AP2IX-9 (Chapter 2) has a unique transient expression profile restricted to early bradyzoite differentiation, and absent form both the tachyzoite and terminal tissue cyst. Disruption of the AP2IX-9 locus resulted in increased tissue cyst formation in vitro while conditional overexpression of AP2IX-9 significantly reduced tissue cyst formation, indicating AP2IX-9 operates as a repressor of bradyzoite development. Consistent with a role as a repressor, AP2IX-9 specifically inhibited the expression of bradyzoite mRNAs including BAG1, B-NTPase and LDH2, common markers for bradyzoite development. Two other ApiAP2s, AP2Ib-1 and AP2IV-3 have similar expression profiles as AP2IX-9 and are candidates for expanding our understanding of this repressor mechanisms regulating development.

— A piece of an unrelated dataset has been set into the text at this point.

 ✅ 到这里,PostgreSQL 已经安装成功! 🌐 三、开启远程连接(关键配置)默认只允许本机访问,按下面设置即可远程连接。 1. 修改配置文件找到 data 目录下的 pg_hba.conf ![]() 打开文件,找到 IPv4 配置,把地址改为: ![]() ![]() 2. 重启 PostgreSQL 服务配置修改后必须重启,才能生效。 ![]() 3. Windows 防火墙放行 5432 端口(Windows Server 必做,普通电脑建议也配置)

A number of mRNAs encoding ApiAP2 proteins are dynamically regulated during the tachyzoite cell cycle that also show unique profiles during bradyzoite development. AP2IV-4 (Chapter 3) and AP2VI-1 (Chapter 4) represent two of several cell cycle AP2s whose expression is associated with specific S-phase and mitotic transitions but illustrate divergent roles in regulating growth and development. The expression of AP2IV-4 is exclusive to the tachyzoite stage of development and peak expression coincides with mitosis of the cell cycle. Interestingly, deletion of AP2IV-4 results in the up-regulation of tissue cyst wall and bradyzoite surface antigens in the tachyzoite. The mis-expression of bradyzoite proteins in the tachyzoite indicate AP2IV-4, much like AP2IX-9, is stage specific transcriptional repressor active only late in the tachyzoite cell cycle, likely promoting continued replication of the tachyzoite stage.

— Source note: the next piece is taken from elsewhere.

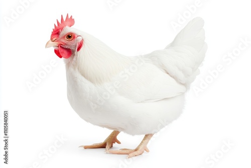 Fototapeta premium A white chicken with red comb and ear standing on a white background

For AP2VI-1 (Chapter 4), an S phase exclusive factor, we have verified S phase expression using an HA fusion protein at the endogenous locus, determined its DNA binding specificity by EMSA, and developed a genetic model of conditional expression based on the small molecule, Shield-1. Attempts to genetically delete this factor were successful only in laboratory adapted strains of Toxoplasma, indicating AP2VI-1 has an essential function in the bradyzoite developmental pathway. Genome-wide binding (chromatin immunoprecipitation and microarray analysis (ChIP-chip)) regions of AP2VI-1 are indistinguishable from the recently published CenH3 regions (centromere marker) and similarly fall within the H3K9me2 and H3K9me3 methylation patterns (heterochromatin markers) that mark the centromere boundaries. AP2VI-1 was also detected in mature bradyzoites from in vitro or animal tissue cysts. This dual expression profile for AP2VI-1 may suggest this factor has a unique role in chromosome maintenance or stability during developmental transitions.